● **Task details**
Take the data below and write it out exactly, except for the pictures.

------ Information supplied

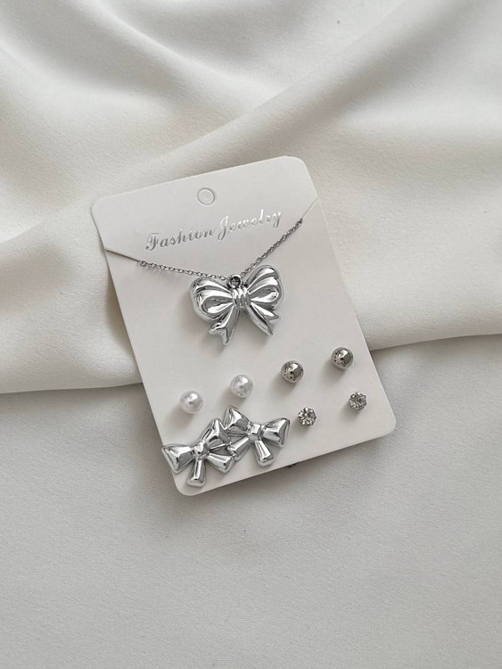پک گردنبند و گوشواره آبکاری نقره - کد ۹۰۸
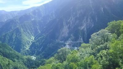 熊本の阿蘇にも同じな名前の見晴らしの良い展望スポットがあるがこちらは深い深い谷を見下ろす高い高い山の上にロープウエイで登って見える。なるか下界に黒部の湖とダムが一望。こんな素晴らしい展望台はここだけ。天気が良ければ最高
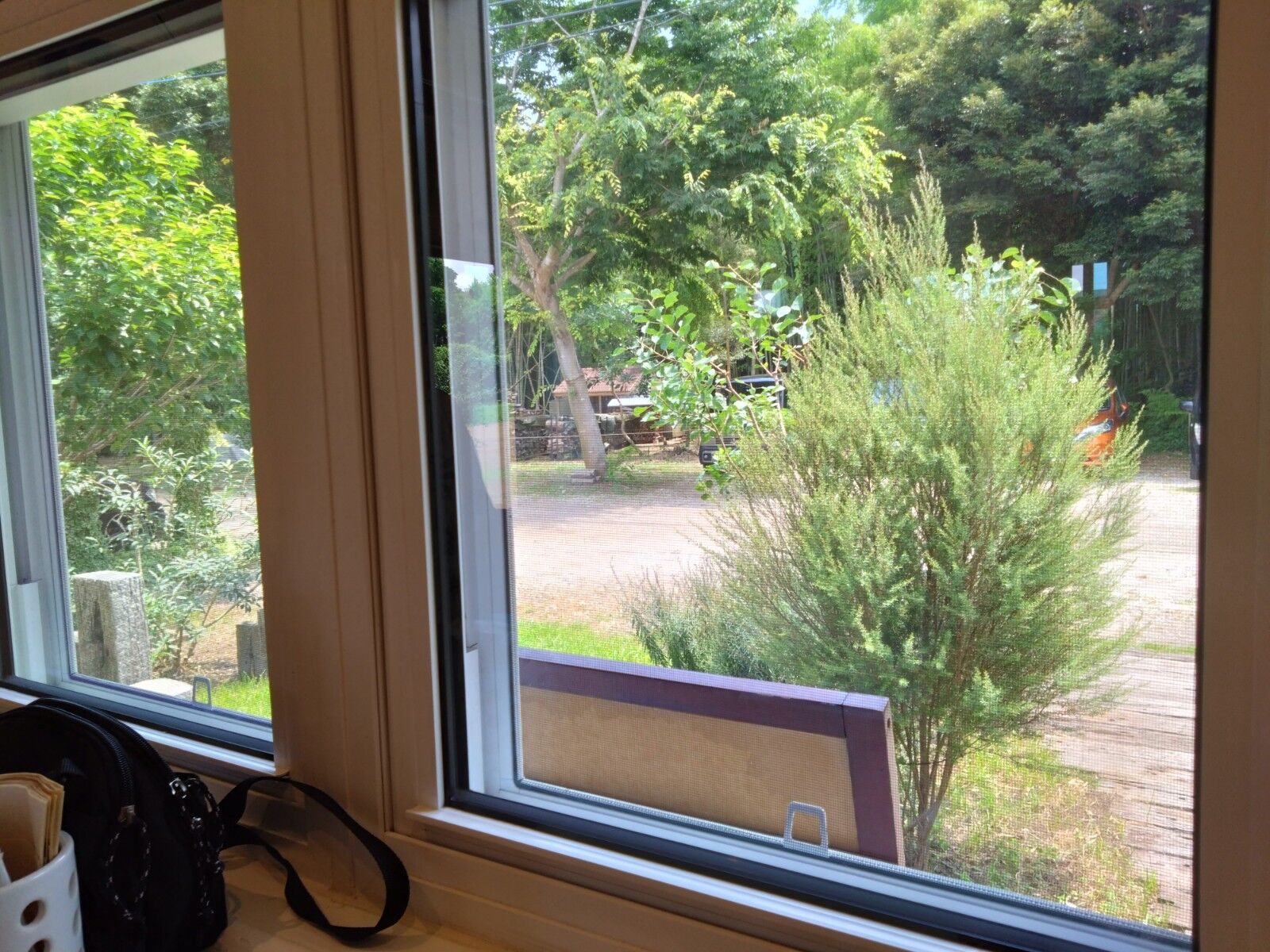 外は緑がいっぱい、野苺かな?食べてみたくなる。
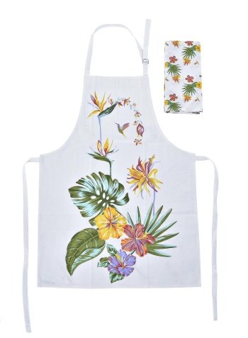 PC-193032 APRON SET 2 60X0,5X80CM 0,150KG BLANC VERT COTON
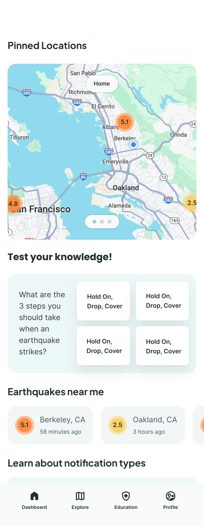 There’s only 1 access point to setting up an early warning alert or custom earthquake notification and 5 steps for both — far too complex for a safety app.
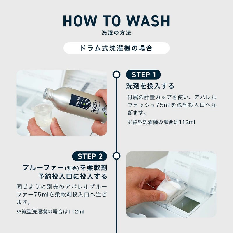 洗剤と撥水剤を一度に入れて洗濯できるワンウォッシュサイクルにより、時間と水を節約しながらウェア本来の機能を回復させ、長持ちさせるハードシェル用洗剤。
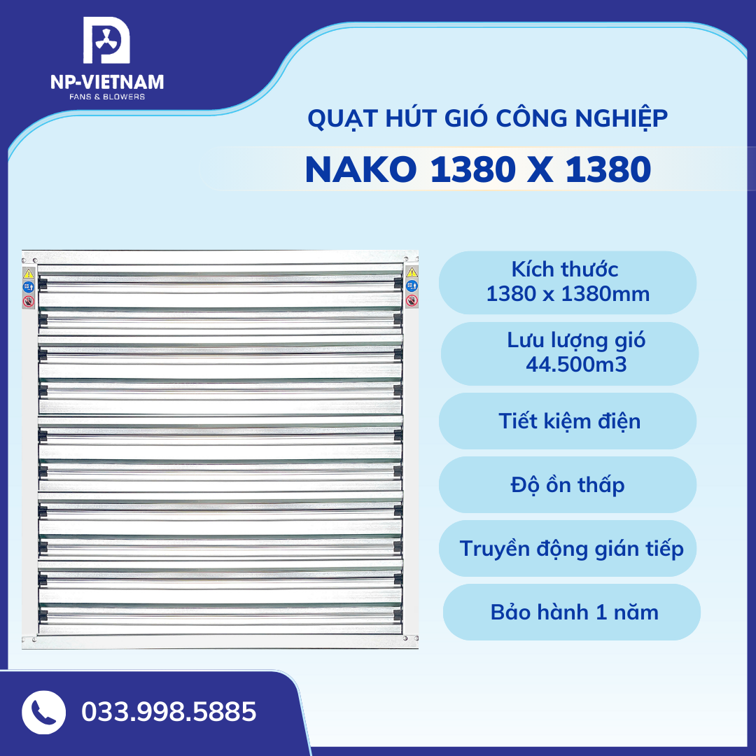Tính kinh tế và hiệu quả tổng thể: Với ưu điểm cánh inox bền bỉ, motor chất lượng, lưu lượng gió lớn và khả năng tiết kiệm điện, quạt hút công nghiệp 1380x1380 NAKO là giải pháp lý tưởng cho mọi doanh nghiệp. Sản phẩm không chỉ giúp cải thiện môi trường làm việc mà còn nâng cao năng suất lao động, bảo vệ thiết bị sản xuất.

------------

● **Expected answer**
پک گردنبند و گوشواره آبکاری نقره - کد ۹۰۸
 熊本の阿蘇にも同じな名前の見晴らしの良い展望スポットがあるがこちらは深い深い谷を見下ろす高い高い山の上にロープウエイで登って見える。なるか下界に黒部の湖とダムが一望。こんな素晴らしい展望台はここだけ。天気が良ければ最高
 外は緑がいっぱい、野苺かな?食べてみたくなる。
 PC-193032 APRON SET 2 60X0,5X80CM 0,150KG BLANC VERT COTON
 There’s only 1 access point to setting up an early warning alert or custom earthquake notification and 5 steps for both — far too complex for a safety app.
 洗剤と撥水剤を一度に入れて洗濯できるワンウォッシュサイクルにより、時間と水を節約しながらウェア本来の機能を回復させ、長持ちさせるハードシェル用洗剤。
Tính kinh tế và hiệu quả tổng thể: Với ưu điểm cánh inox bền bỉ, motor chất lượng, lưu lượng gió lớn và khả năng tiết kiệm điện, quạt hút công nghiệp 1380x1380 NAKO là giải pháp lý tưởng cho mọi doanh nghiệp. Sản phẩm không chỉ giúp cải thiện môi trường làm việc mà còn nâng cao năng suất lao động, bảo vệ thiết bị sản xuất.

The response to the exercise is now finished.